EWING – Gov. Phil Murphy continues to wage a campaign for his budget proposals that were not included in the 2020 financial plan approved by lawmakers last week.

On Tuesday, Murphy visited HomeFront’s Family Campus, which provides 38 families at a time with temporary housing and access to child care, job training and other services, to renew his call for a fee on opioid manufacturers – the latest affliction HomeFront often has to help its homeless clients overcome.

Murphy wants to levy $21.5 million in new taxes and fees on pharmaceutical companies that make or distribute opioids, to offset the $100 million the budget plans to spend on state efforts to deal with the overdose epidemic that often begins with the use of the legally prescribed painkillers.

“I don’t think that asking companies with billions of dollars in collective profits to split a modest 20 percent share of our overall spend is at all out of line for all the pain the opioid epidemic has caused,” Murphy said.

The $100 million repeats the allocation in the current budget and wasn’t altered by the Legislature as it modified the spending plan.

“If we are to be able to maintain this investment long-term, we will need the sustainable and fair revenues from asking these companies to be part of the solution,” Murphy said.

“Yet the Legislature’s budget gives them a pass.
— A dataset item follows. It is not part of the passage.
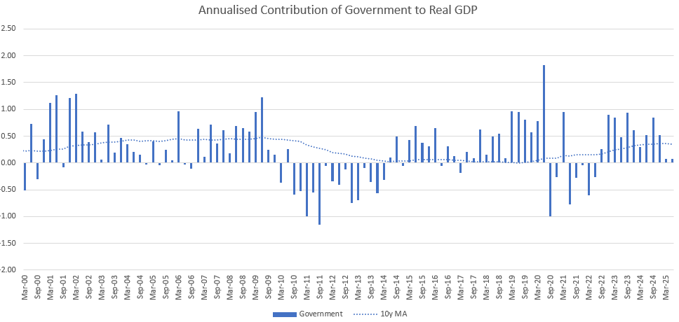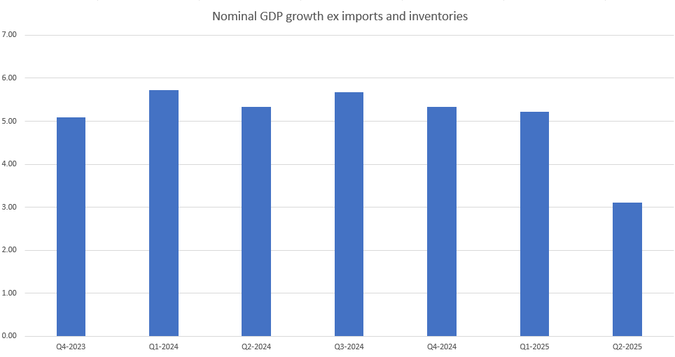 When we remove the effect of imports and inventories, it was in fact Q2 where the weakness is evident. This is the most important measure from my point of view, since my key focus has been the effect of larger budget deficits and a recovery in private sector lending should keep this measure of nominal GDP growth above 5% as it has been.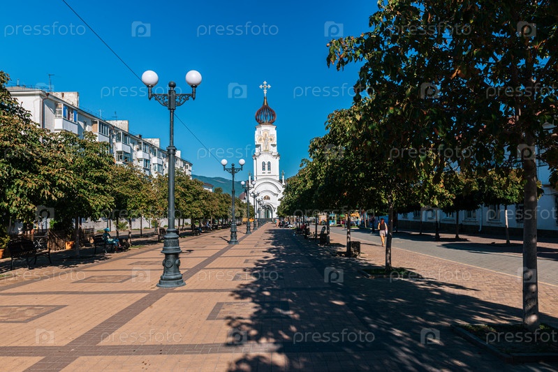 Центр города Новороссийск улица Черняховского ведет к церкви Петра и Февронии

It asks, in fact, from them nothing,” he said. “The Legislature has protected the opioid industry’s interests and profits and put the entire $100 million of our entire opioid program squarely on the shoulders of New Jersey taxpayers.”

Assemblywoman Nancy Munoz, R-Union, said Murphy’s demand for an opioid tax is “immoral, irresponsible and ineffective.”

“There is no connection between increasing the price of legal opioids, which are used for legitimate pain patients, and decreasing the opioid crisis,” she said. “There is nothing fair about a tax that will be passed down to patients who need this medicine. We shouldn’t be taxing a legal medication with false promises.”

Murphy said his proposal was designed to be different from a tax ruled unconstitutional in New York for violating the Constitution’s interstate commerce clause. He said his administration is “confident that it won’t” be passed along to consumers.

Health Commissioner Shereef Elnahal said the $21.5 million revenue estimate is “extremely conservative” and that its impact on patients would be lessened by a reduction in the use of opioids.

“If you’re reducing the number of people dependent on opioids prescriptions, for their pain or for a different reason, then you’re number one subjecting that risk to less people. And number two, you’re reducing demand. So we hope those two things will not allow for that cost to be borne by too many patients,” he said.

“The concurrent thing that we’re doing is reducing demand for opioids by working with hospitals and other providers to reduce the need for opioids. And part of that is the regime we have for medical marijuana,” Elnahal said.

“In addition to medical marijuana, we are using money from the governor’s opioid initiative to decrease prescribing where appropriate,” said Human Services Commissioner Carole Johnson, citing a hospital emergency room program and outreach and education efforts through community organizations. “So we are across the board looking at ways to reduce that demand.”

Murphy’s proposal hasn’t been introduced in the Legislature, but Elnahal said it would help in three significant ways.

“First, it increases transparency around which companies are manufacturing and distributing. At present, we don’t actually know which companies are doing so and how much they manufacture and distribute because they do so for a wide variety of drug types,” Elnahal said.

“Number two, it allows the Health Department to impose fee increases on all manufacturers and distributors of drugs on a sliding scale, with the highest fee increases imposed on those companies that manufacture large volumes of opioids. And by the way, these fees have not increased since 1983. It’s currently just $200 to $500 a year, depending on the size of the operation,” he said.

“And the third thing it does is it increases penalties on those companies that are not compliant and assesses uniquely high penalties on opioid manufacturers and wholesalers who are not compliant.”